• Input data
--- --- ---

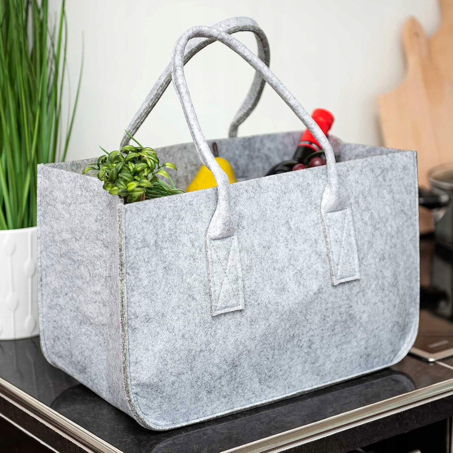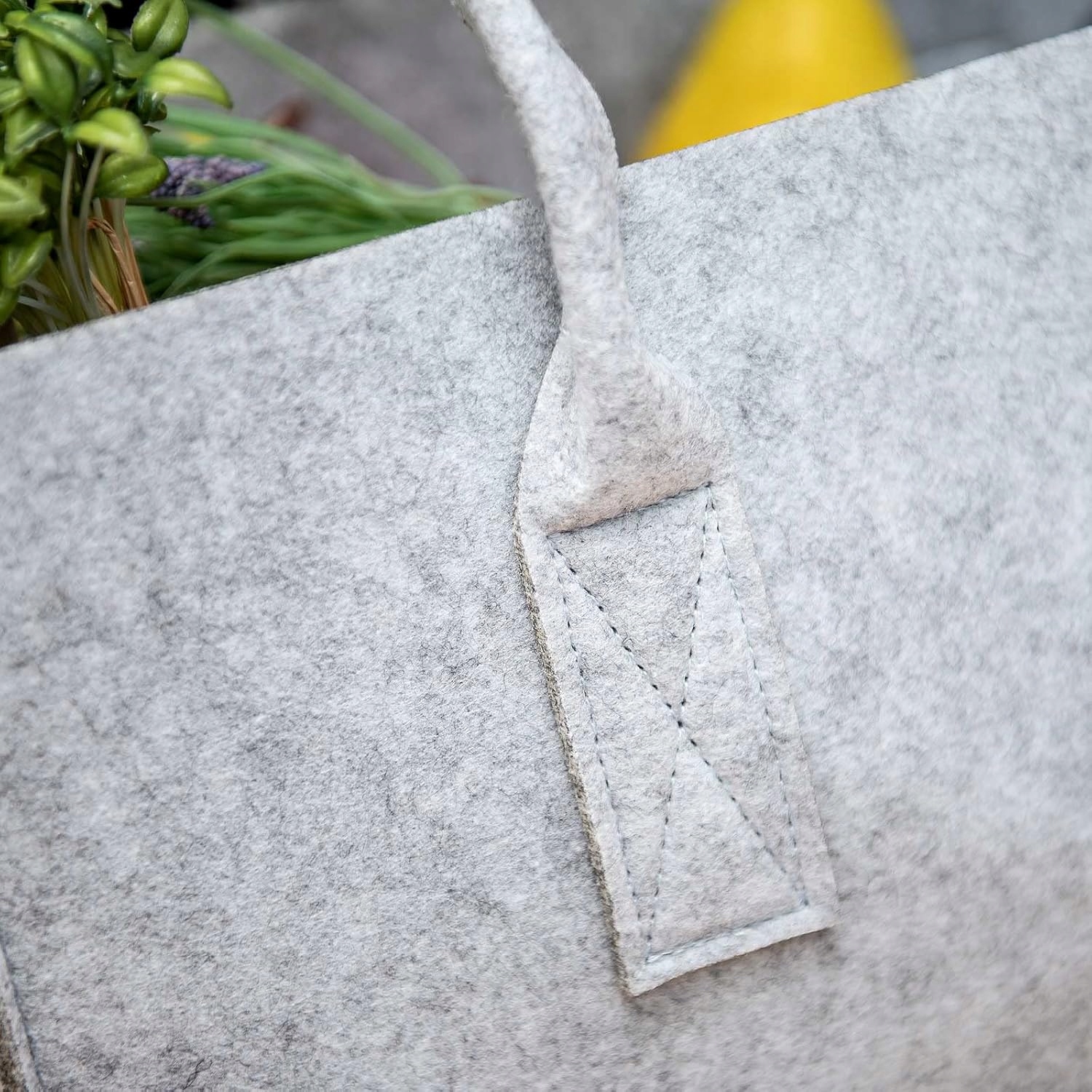 Сумка сумки виготовлена з фетру і зберігається у світло -сірому. Ручки, пришиті збоку, ідеально доповнюють дизайн елегантного супутника покупок. Чоловіки також можуть носити цю сумку ідеально
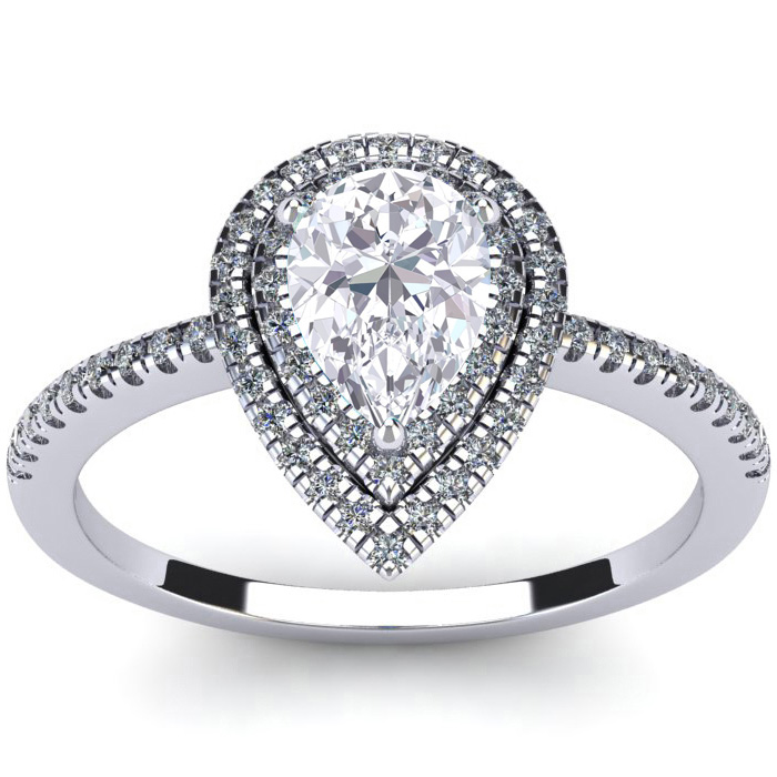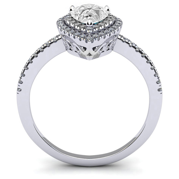 1 Carat Pear Shape Moissanite and Diamond Double Halo Ring In Sterling Silver
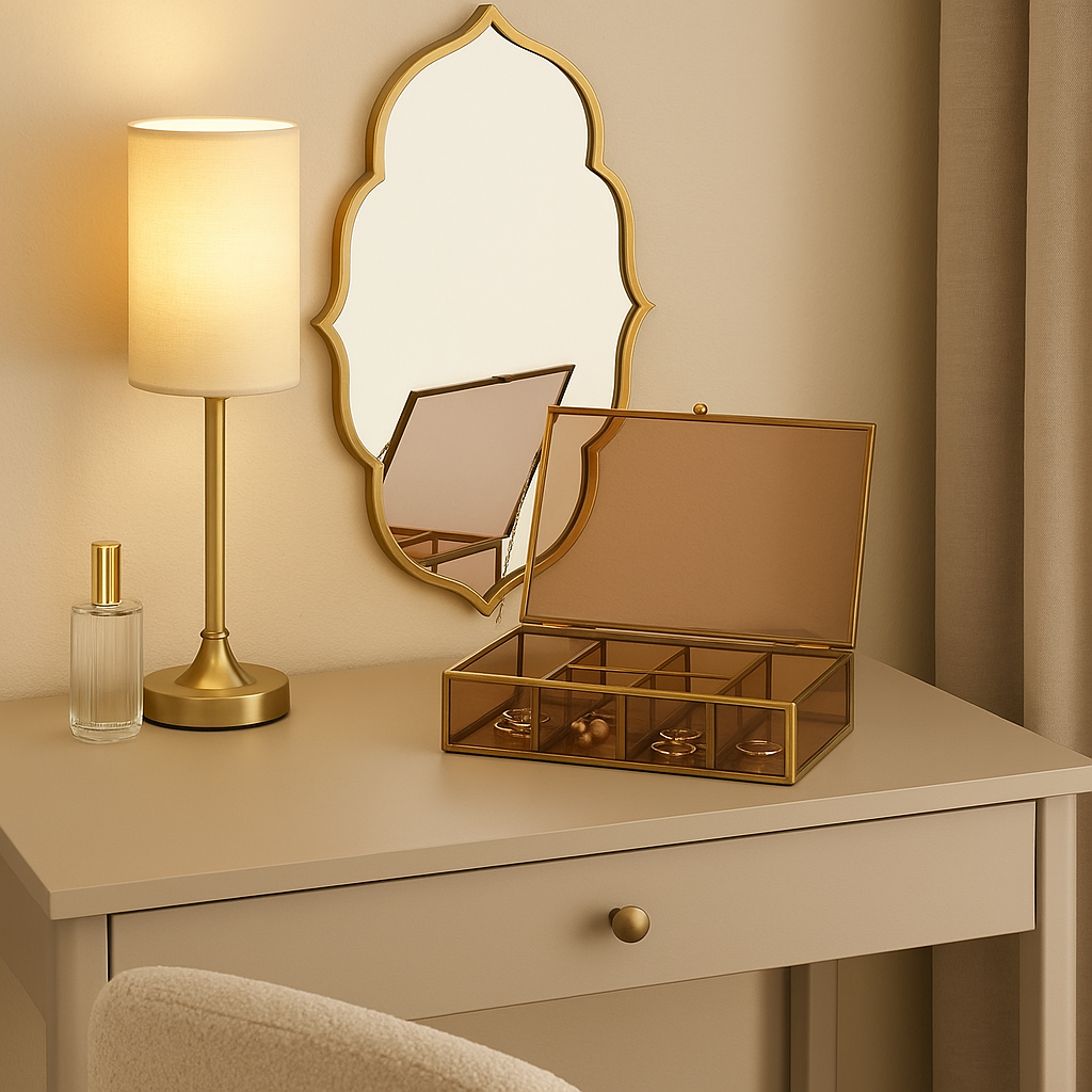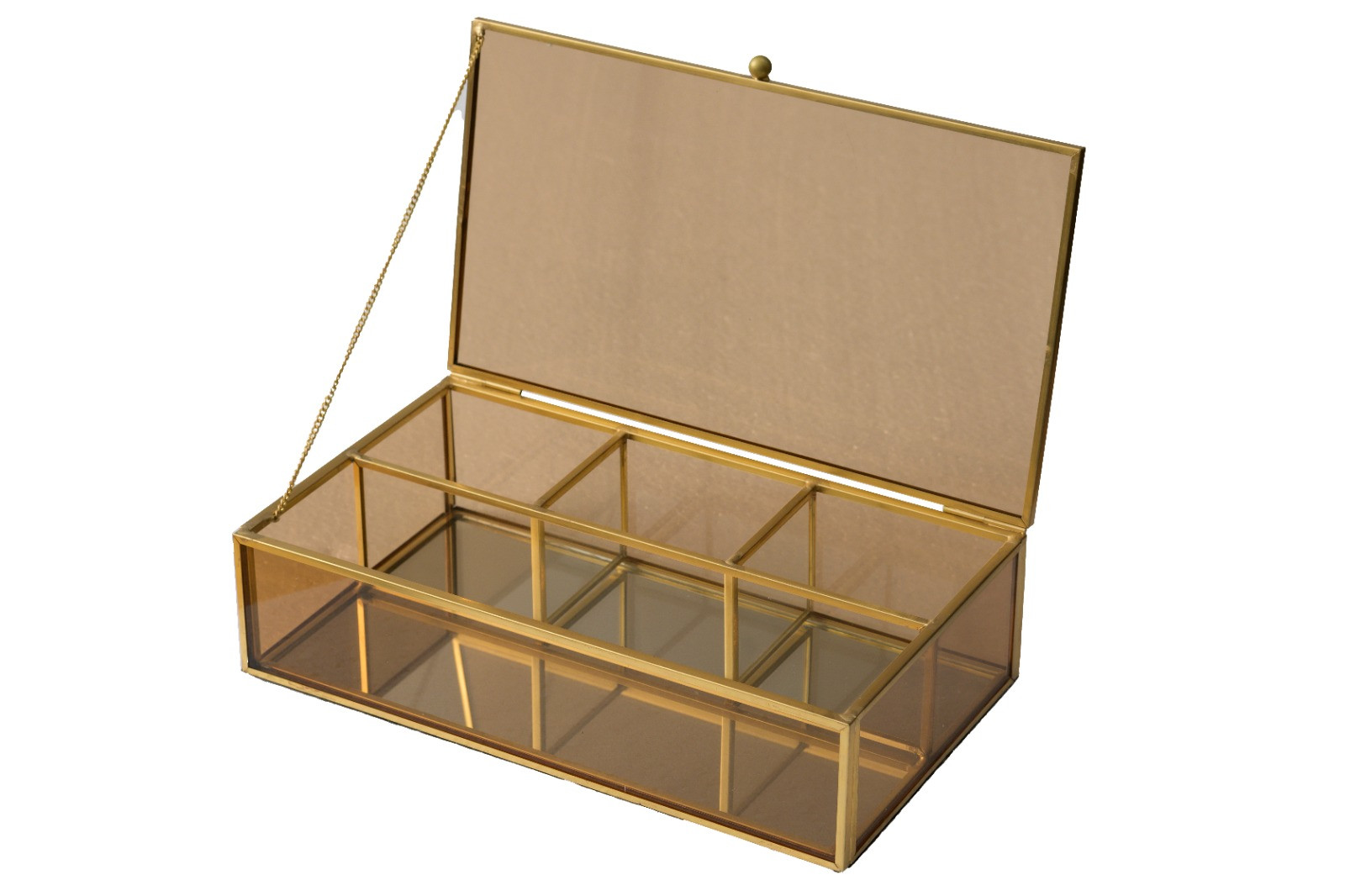 תיבת תכשיטים בצבע אמבר עם חלוקה בפנים ל4 חלקים.

--- --- ---

• Aim of the exercise
Set down the material exactly as given, but print none of the pictures.

• Reply to the task
 Сумка сумки виготовлена з фетру і зберігається у світло -сірому. Ручки, пришиті збоку, ідеально доповнюють дизайн елегантного супутника покупок. Чоловіки також можуть носити цю сумку ідеально
 1 Carat Pear Shape Moissanite and Diamond Double Halo Ring In Sterling Silver
 תיבת תכשיטים בצבע אמבר עם חלוקה בפנים ל4 חלקים.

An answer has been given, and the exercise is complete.